TASK GOAL:
Print out the full material below, exact in every line, with no images included.

PROVIDED RECORDS:

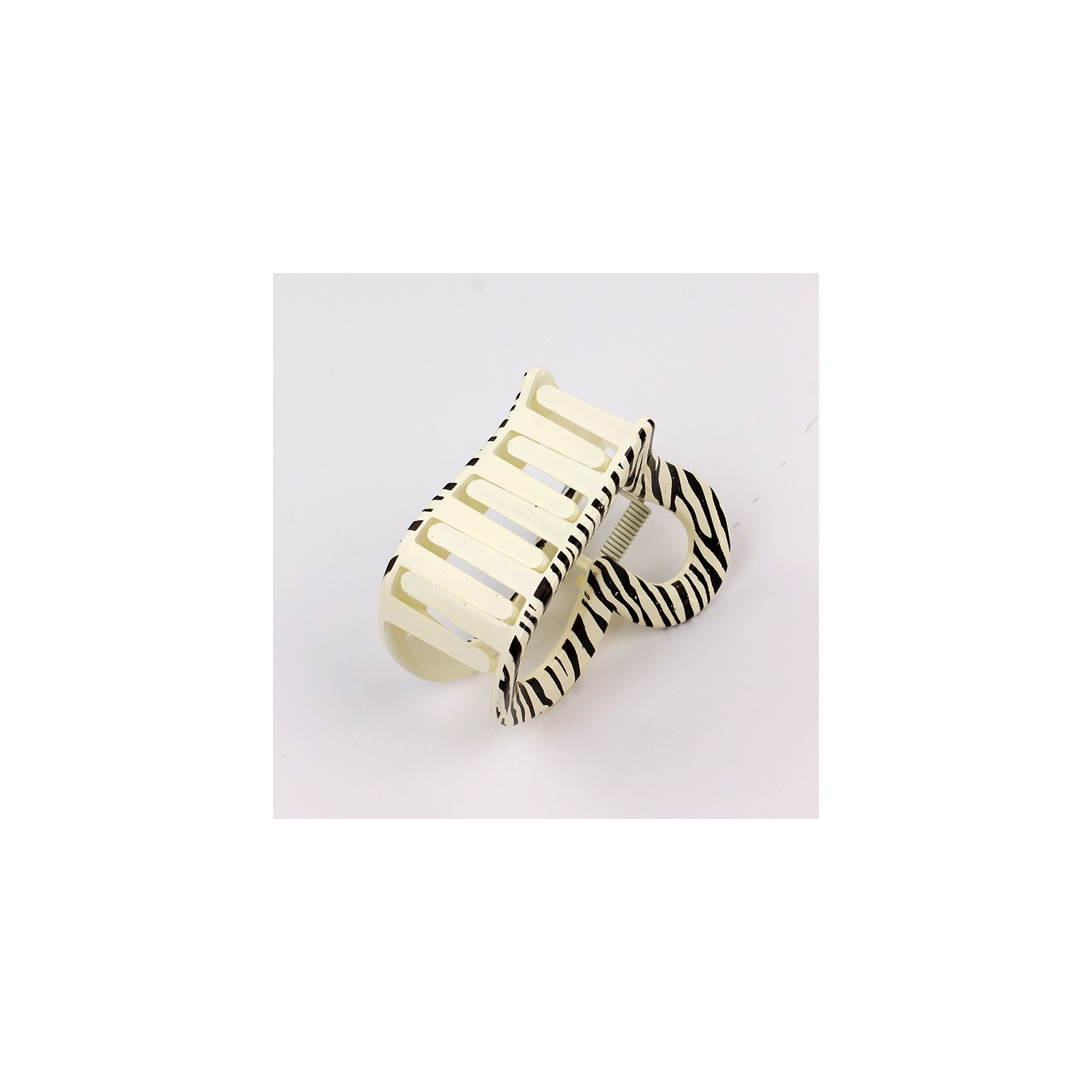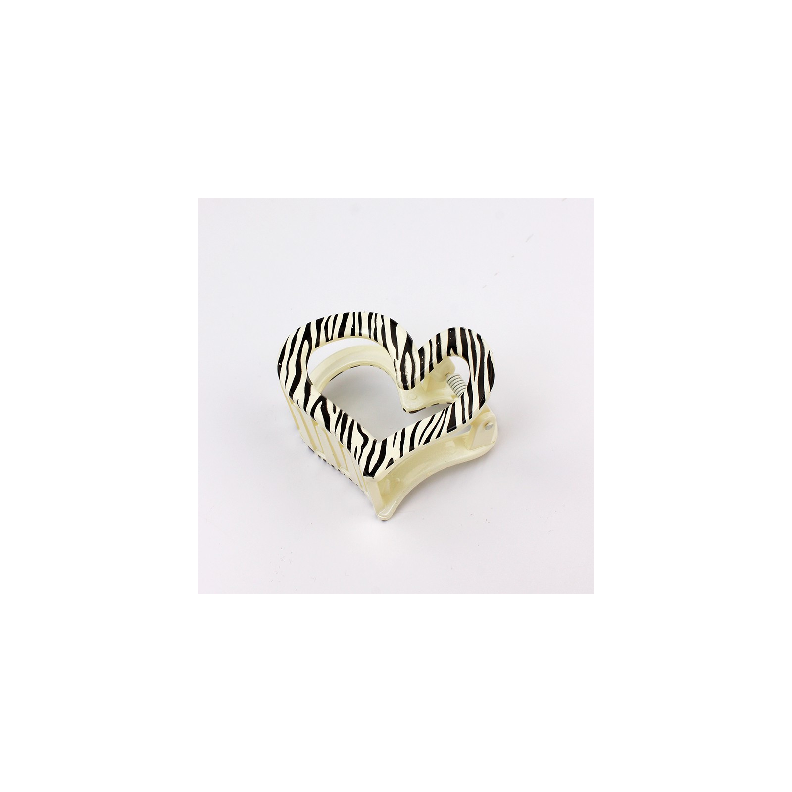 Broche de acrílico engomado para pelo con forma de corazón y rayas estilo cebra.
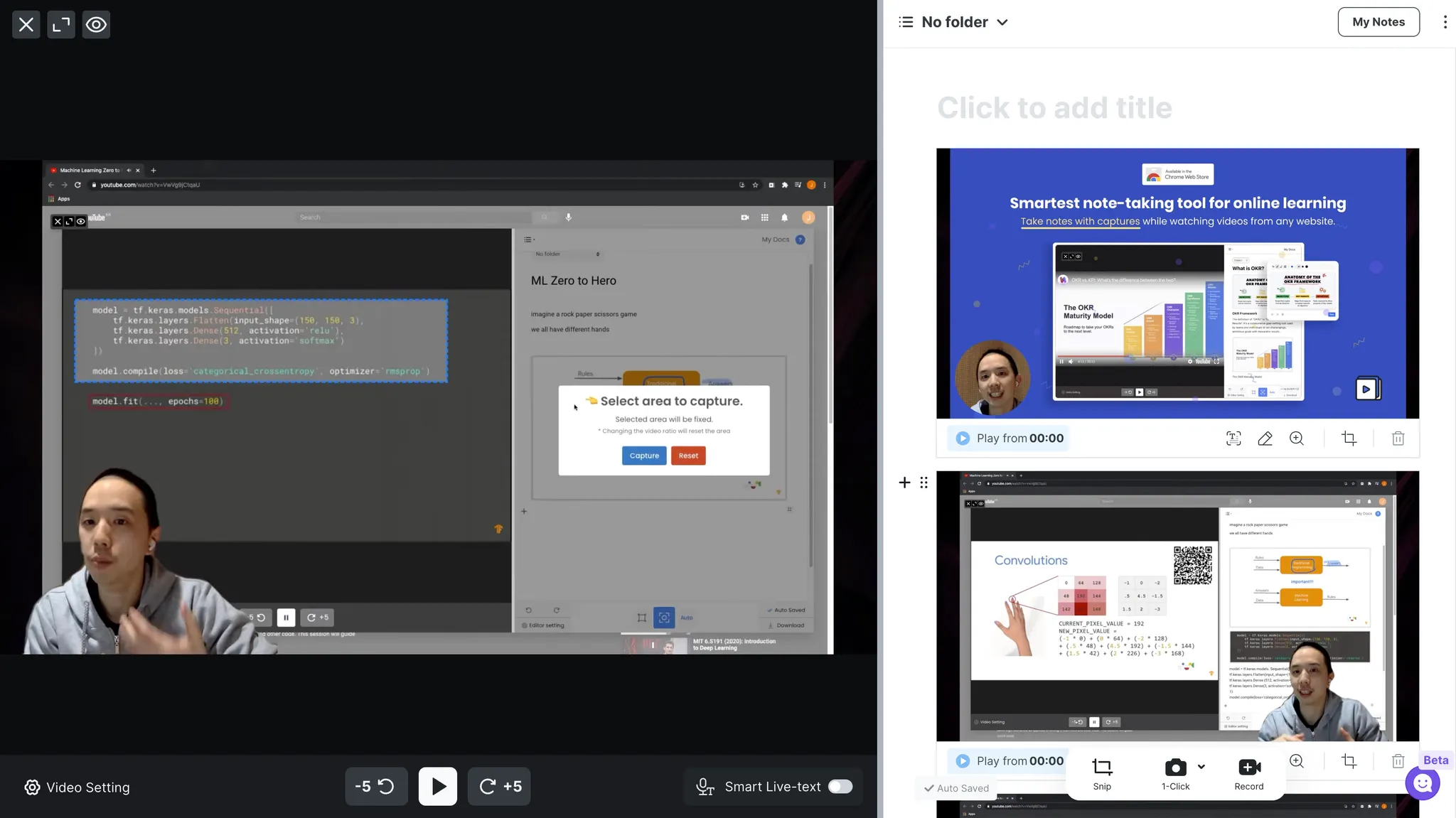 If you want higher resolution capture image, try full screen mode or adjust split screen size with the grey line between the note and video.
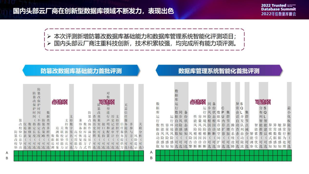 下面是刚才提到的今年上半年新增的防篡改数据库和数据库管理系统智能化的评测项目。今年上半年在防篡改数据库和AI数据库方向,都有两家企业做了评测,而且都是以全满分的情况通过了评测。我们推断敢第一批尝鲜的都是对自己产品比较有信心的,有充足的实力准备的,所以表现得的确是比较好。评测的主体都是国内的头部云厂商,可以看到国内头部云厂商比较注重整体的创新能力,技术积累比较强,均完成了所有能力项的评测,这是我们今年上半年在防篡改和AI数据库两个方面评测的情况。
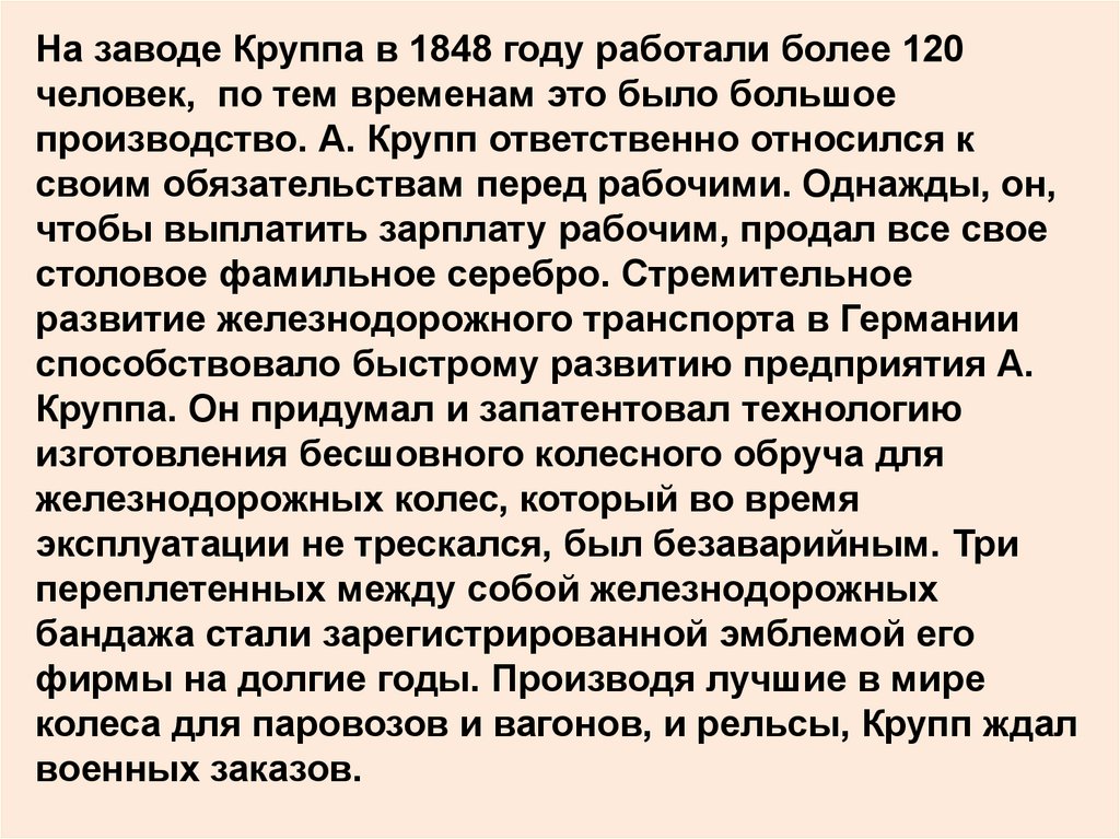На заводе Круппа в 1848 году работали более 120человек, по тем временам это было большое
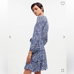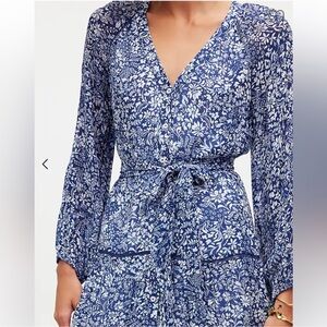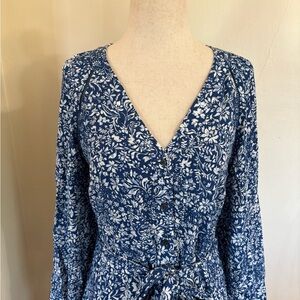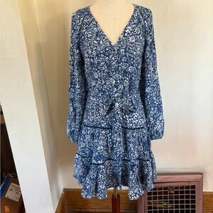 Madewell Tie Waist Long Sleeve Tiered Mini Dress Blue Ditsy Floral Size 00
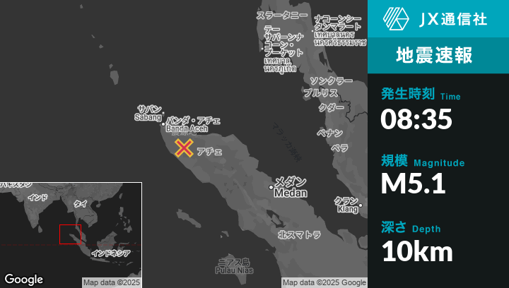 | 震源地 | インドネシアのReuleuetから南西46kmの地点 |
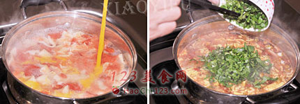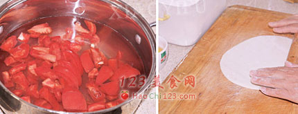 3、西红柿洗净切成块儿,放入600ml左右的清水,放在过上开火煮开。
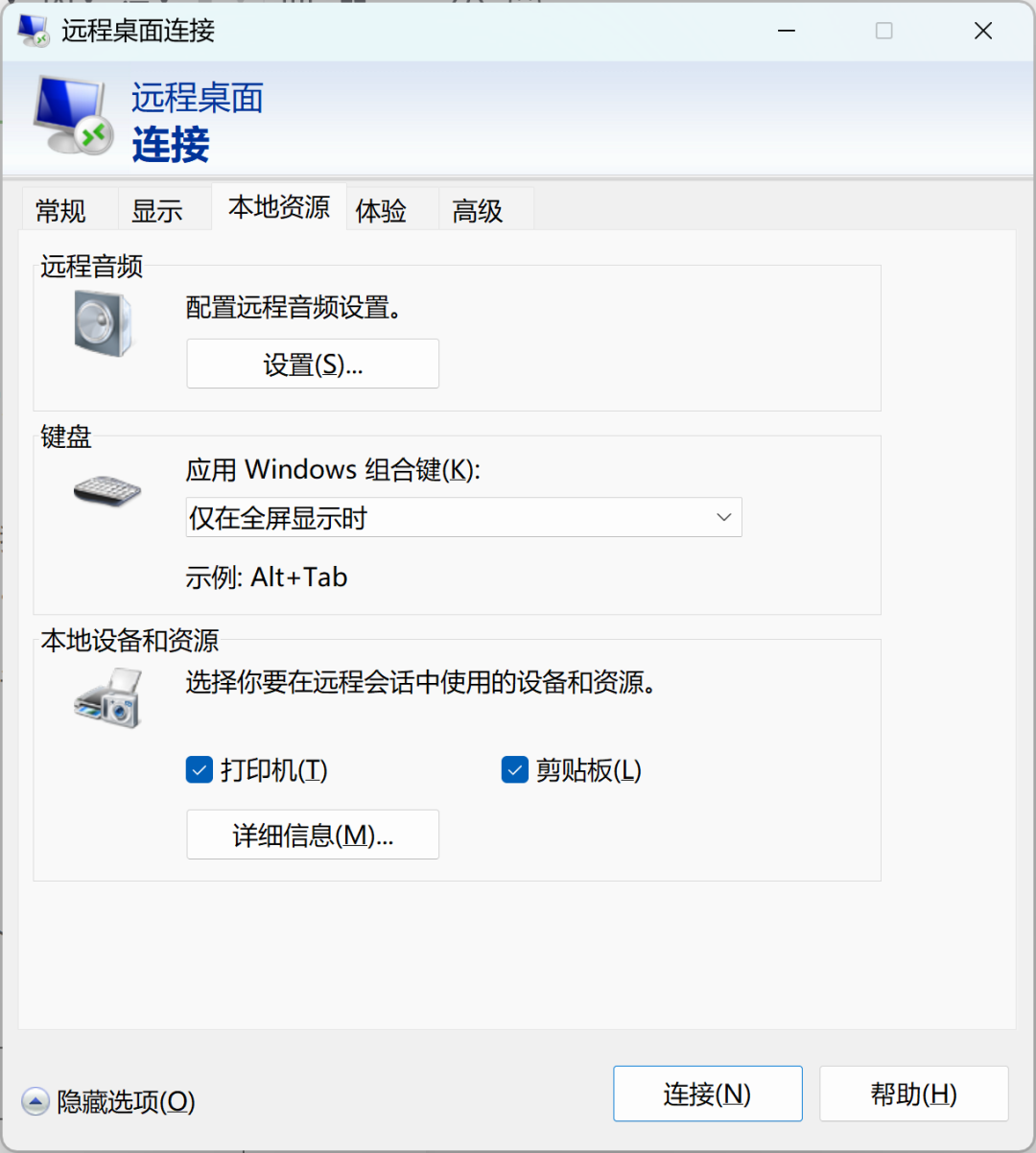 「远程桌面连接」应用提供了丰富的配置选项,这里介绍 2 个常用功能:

TASK RESULT:
 Broche de acrílico engomado para pelo con forma de corazón y rayas estilo cebra.
 If you want higher resolution capture image, try full screen mode or adjust split screen size with the grey line between the note and video.
 下面是刚才提到的今年上半年新增的防篡改数据库和数据库管理系统智能化的评测项目。今年上半年在防篡改数据库和AI数据库方向,都有两家企业做了评测,而且都是以全满分的情况通过了评测。我们推断敢第一批尝鲜的都是对自己产品比较有信心的,有充足的实力准备的,所以表现得的确是比较好。评测的主体都是国内的头部云厂商,可以看到国内头部云厂商比较注重整体的创新能力,技术积累比较强,均完成了所有能力项的评测,这是我们今年上半年在防篡改和AI数据库两个方面评测的情况。
На заводе Круппа в 1848 году работали более 120человек, по тем временам это было большое
 Madewell Tie Waist Long Sleeve Tiered Mini Dress Blue Ditsy Floral Size 00
 | 震源地 | インドネシアのReuleuetから南西46kmの地点 |
 3、西红柿洗净切成块儿,放入600ml左右的清水,放在过上开火煮开。
 「远程桌面连接」应用提供了丰富的配置选项,这里介绍 2 个常用功能:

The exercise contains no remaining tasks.